On my way home from the store, there were a few runners out. Jealous. I couldn’t wait to head out. My husband was kind enough to meet me at the door and helped me unpack the groceries. He reminded me that if I don’t head out now, I might not get out. I couldn’t find my running gloves, so I searched around the house, finally locating them in my purse. Why were they in there?  Ugh. Henry told me he wanted a snack. A load of laundry needed to be switched. The last person who used the toilet paper in the upstairs bathroom didn’t replace it. There was a pool of water on the hardwood floor near the front door after the kids came in from playing in the snow. Their winter clothes were all on the floor. I still didn’t eat breakfast. I should try to pee before I leave, but oh shoot, there isn’t toilet paper.

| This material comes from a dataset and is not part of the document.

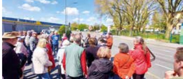
Die Teilnehmer führte es entlang der Rüschebrinkstraße.

“You’d better go,” my husband said to me again.

Things come up. They always, always come up. The jobs here are never done. And even on the days when I prep every meal for the week and think that I’ve folded my last towel or shirt, there is always another one ready to be washed.

So, I put it all aside and I headed out. The snow on the sidewalk was thick and untouched. It was the perfect snow for running. About a half a mile in, I rounded the corner to make my way to the next block and I slid. It was slight and I was aware enough to catch myself.

Oh, I wish I had my spikes on.

Well, I wasn’t planning on going long. Two miles, maybe. But the further I ran, the better I felt. I shifted from the street, which was only wet, back on to the sidewalks that were plowed. Another quick slip right before I hit mile two. Again, I was able to catch myself. I ran through the park and back into my neighborhood and took a route that would get me to a little over a mile and I would finish at a 5k. By this time, I was running the “snow shuffle” which meant that I didn’t lift my feet off of the ground, I just slid them slightly ahead of me with each step.

When I reached my block, I was at 2.94 miles. Runners understand that it’s not quite right to cut it off at the 2.94 mile marker, you have to cut it off at 3.00 miles even (or slightly over, if possible to reach the 5k distance.) I passed my house and went down the block until I reached an even 3.00. When I crossed the street and made my way up a slightly elevated driveaway of a neighbor two houses down from me, I slipped. This time, I went down. I went down on my right knee. I didn’t waste any time rising to my feet and walked to my house. I didn’t feel any pain or blood, so I took this as a good sign that the snow acted like a cushion to break my fall.

I came inside and my knee was fine. Everything was fine. This isn’t the first time I fell on a run and it certainly won’t be my last. I’ve fallen in the winter and I’ve fallen in the summer (more times, actually!)

Lately, I feel like I’ve been falling a lot. Falling or failing…I guess they’re both in the same. Keeping up with what life is requesting of me lately has been like trying to keep my head above water while holding weights in both hands. Something is going to have to drop if I’m going to pull through.

Sometimes you are sent out in the worst of conditions in order to return home with the greatest outcome. Out of all of the lessons in my life, running continues to be the greatest teacher. 

Today’s lesson was to remember that when you fall, you don’t have a choice but to get back up.